→ Provided information:
---
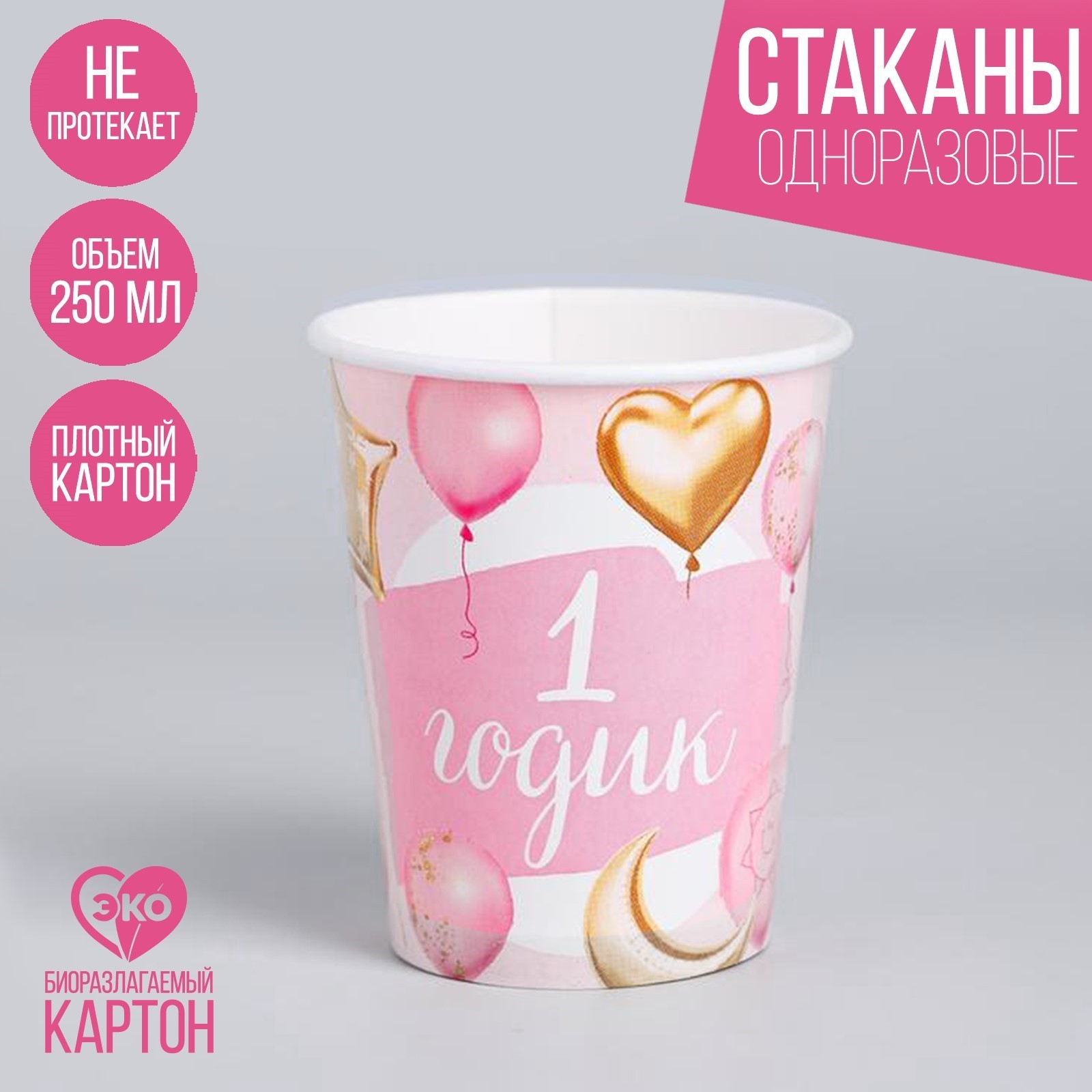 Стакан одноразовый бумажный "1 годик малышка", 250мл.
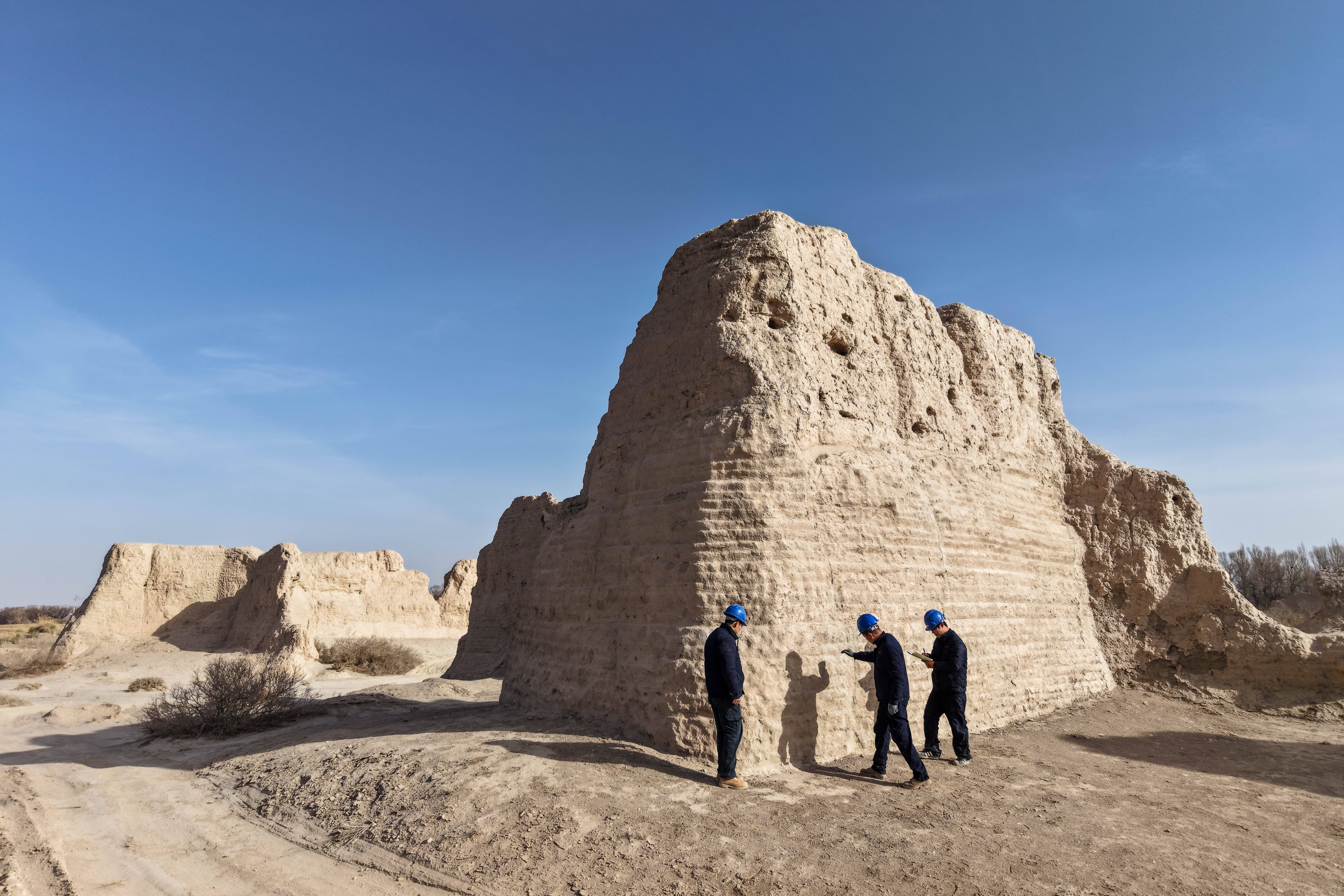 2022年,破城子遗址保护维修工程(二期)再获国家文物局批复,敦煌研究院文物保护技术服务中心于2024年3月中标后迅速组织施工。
---
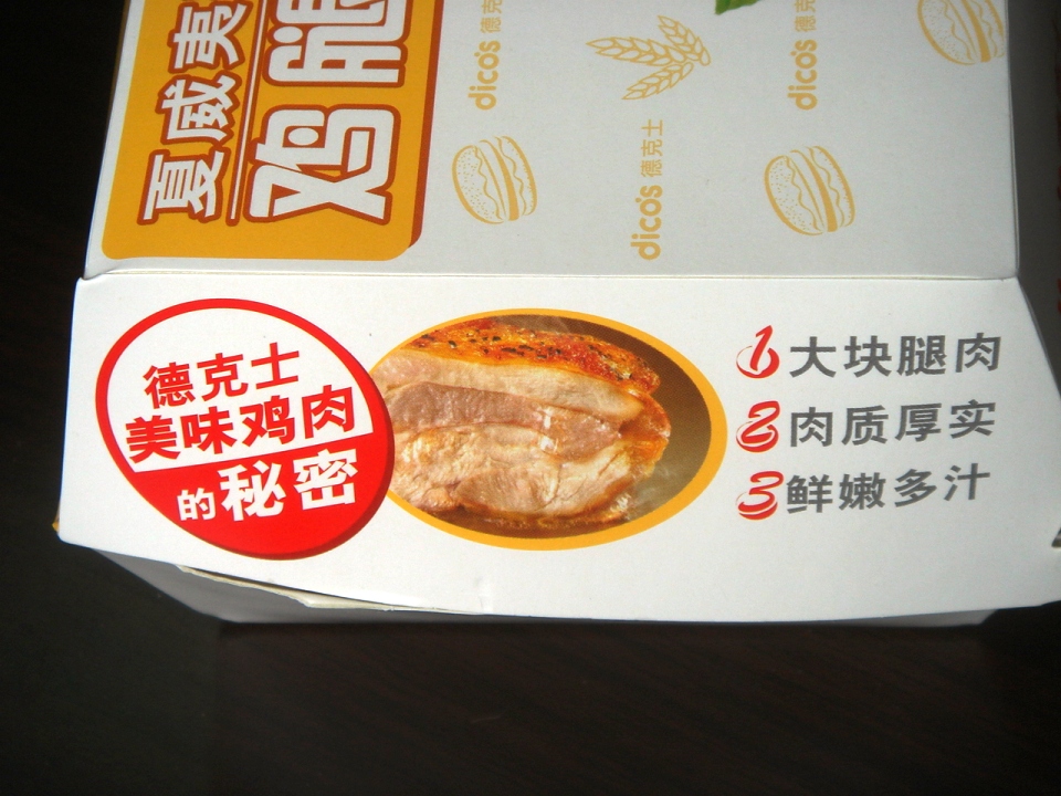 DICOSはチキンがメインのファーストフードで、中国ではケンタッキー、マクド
---
→ Action item:
Looking at the listing above, which lines run from the one containing "Стакан одноразовый бумажный" through the one containing "2022年,破城子遗址保护维"? Print exactly those, ends included, pictures excluded.

→ Solution to the exercise:
 Стакан одноразовый бумажный "1 годик малышка", 250мл.
 2022年,破城子遗址保护维修工程(二期)再获国家文物局批复,敦煌研究院文物保护技术服务中心于2024年3月中标后迅速组织施工。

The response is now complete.